The Importance of Dialouge

I found this very enlightening and analytical essay by Greg Smith that talks about Final Fantasy VII and how that videogame used dialouge within the story. (found here: http://www2.gsu.edu/~jougms/Ffantasy.htm )

I know my peers and writer friends will be interested and this post is more for them. The way information and exposition can come to us as an audience without us even thinking about, the implied meaning of words the way people address one and another all adds to the bigger picture. I take it for granted since Final Fantasy is a part of my childhood, it's hard to analyze but because of its influence I should. Thanks to the essay it shown that the first scenes in that game demonstate how one character is a guide and informant to another only for the roles to reverse later in the story just so that we, the audience can get our head around what's going on.

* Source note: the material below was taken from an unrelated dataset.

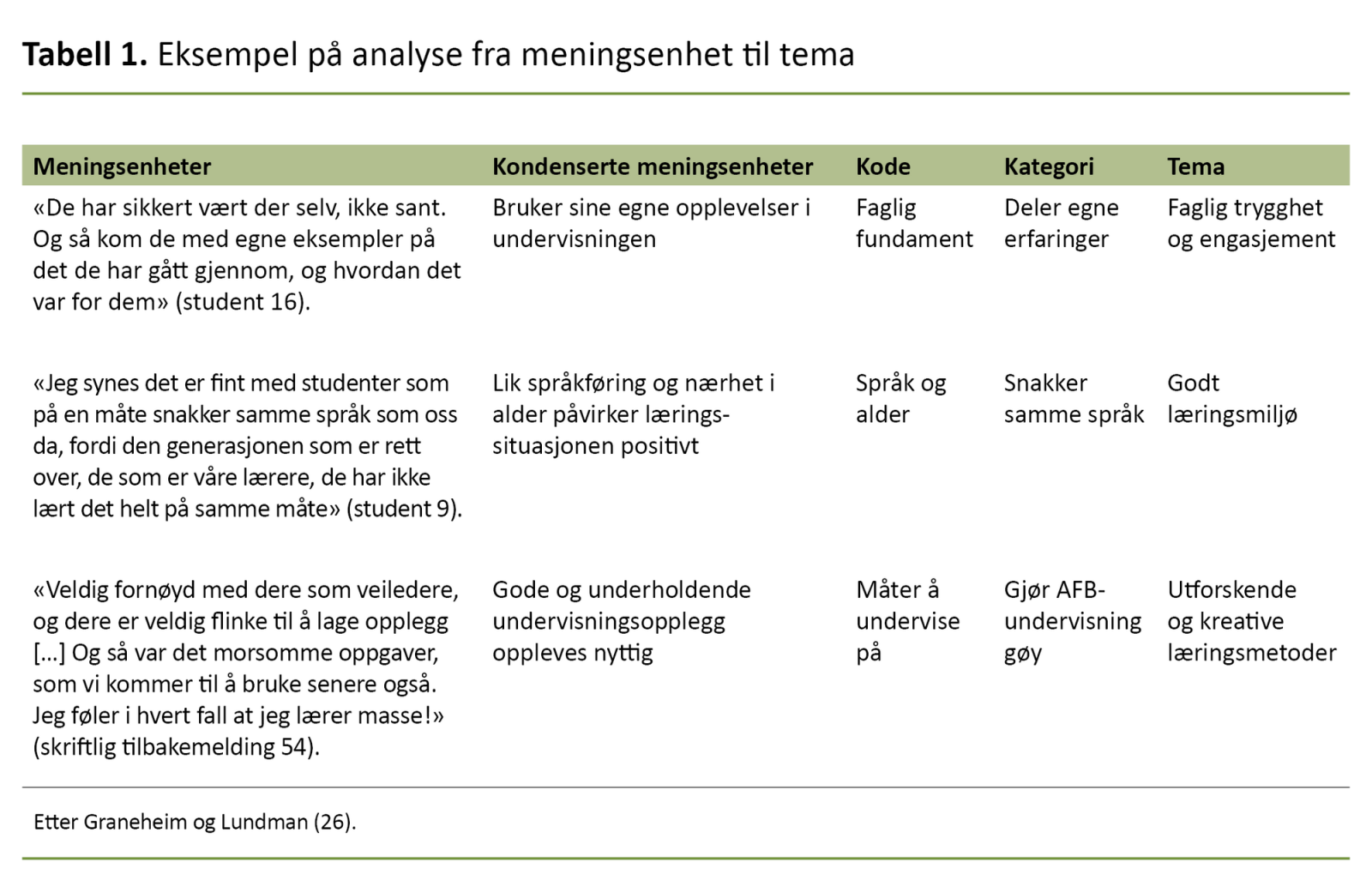 Vi arbeidet med koder, kategorier og tema og presenterte det deretter for hele forskergruppen. De kom med innspill, som vi brukte til å revidere analysen. Dette ble gjort i flere omganger frem til vi oppnådde konsensus. Tabell 1 viser en illustrasjon av analysearbeidet.
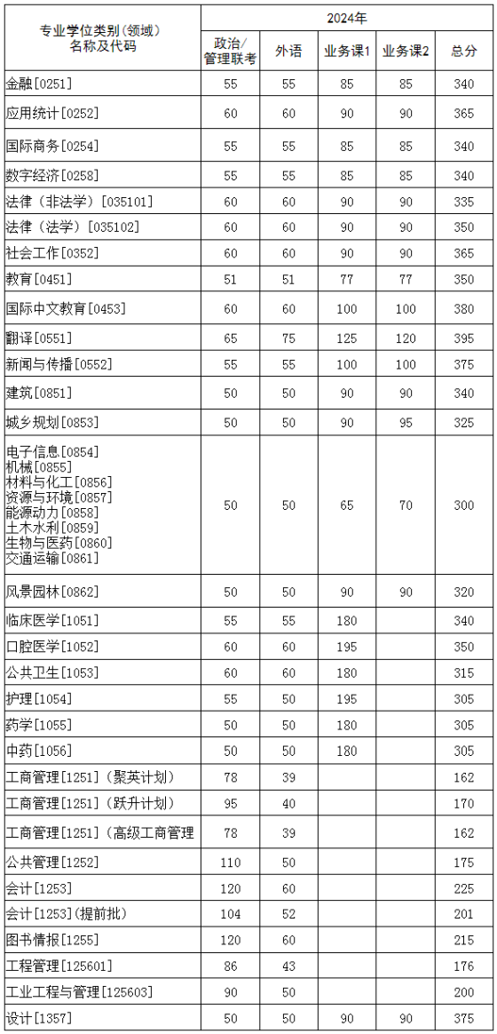 華中科技大學(xué)2024年碩士研究生招生考試復(fù)試基本分?jǐn)?shù)要求 |

You see it all the time in cop shows, the detective arrives late on the scene and his friend is telling him what happened, it's a dialouge and narrative convention, the author is telling us what's happened from the point of view of those yet to solve the crime.

This interests me greatly as I always wonder how audiences and we as humans decide what counts as a voice of authority and its intended audience or who it addresses. I've got a "dialouge ignites change" project coming up so it's something I'll be reading into this month, possibly I'll look at 'Breaking The Glass Armor' that Smith referenced.